Ira Flatow: From American RadioWorks this is Climate of Uncertainty. I'm Ira Flatow. According to some scientists, global warming could trigger an abrupt change in the earth's climate - bringing frigid winters, massive floods, and hundred year droughts.

Michael Oppenheimer: If the Greenland or West Antarctic Ice sheet were to crumble completely, if that happens my descendants may well be the proud owners of beach-front property in the center of Manhattan.

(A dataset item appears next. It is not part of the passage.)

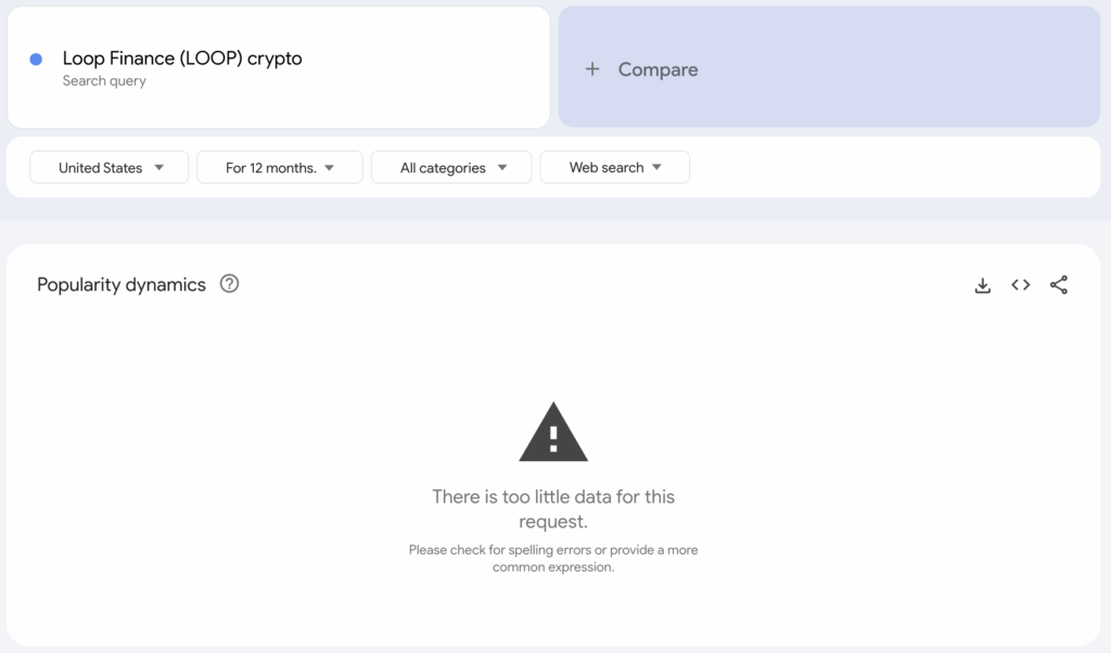 We analyzed Google Trends data for “Loop Finance (LOOP) crypto” and found that there is currently too little search activity to generate measurable results. From an analytical standpoint, this indicates very low public awareness and limited mainstream traction. While Loop Finance has strong online visibility overall, the lack of search volume suggests minimal retail interest or organic hype at this stage. To strengthen long-term visibility, the project will likely need consistent marketing efforts, exchange exposure, and community engagement to convert recognition into active attention.
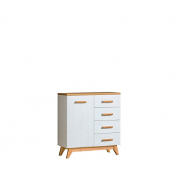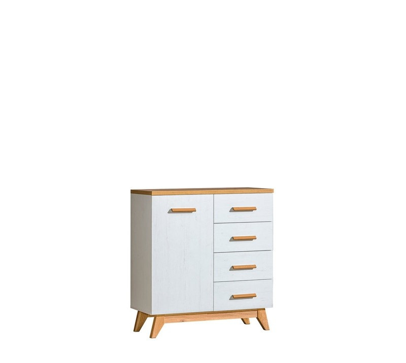 Komoda s jedněmi dveřmi, jednou policí a čtyřmi zásuvkami.

Flatow: When, or even if, an abrupt climate shift might happen is under debate - but scientists say the probable catalyst is something we can control: carbon dioxide emissions. The key question is, are we willing as a species ultimately to spend a couple percent of global economic productivity over the next century to avoid making major climatic changes throughout the global environment? In the coming hour, Climate of Uncertainty, from American RadioWorks. First, this news update.


Part 1

[Sound of thunderstorm]

Flatow: This is Climate of Uncertainty, an American RadioWorks documentary. I'm Ira Flatow

Most of us have woken up in the night to a deafening clap of thunder and a brilliant stroke of lightening. Though startling, from the comfort of a dry, warm home, these natural sound and light shows are fun to watch and a good dousing for a thirsty earth. But consider - these seemingly ordinary storms might also be a sign of troubling change. Some scientists say global warming is bringing extra rain and snow to northern areas, more or less above the parallel that passes through the middle of the United States. And they say this extra water could disrupt a delicate balance between fresh and salt water in the Atlantic Ocean. They say the change might cripple a massive ocean current known as the Great Conveyor. And if the Great Conveyer stopped, it could cause catastrophic climate changes like sudden cooling in some areas and devastating droughts in others. Today we try to shed some light on this "climate of uncertainty". Later in the hour, we'll hear about what might be done to reduce the chance of this kind of climate catastrophe. But first, Daniel Grossman explains why scientists are worried about the Great Conveyor.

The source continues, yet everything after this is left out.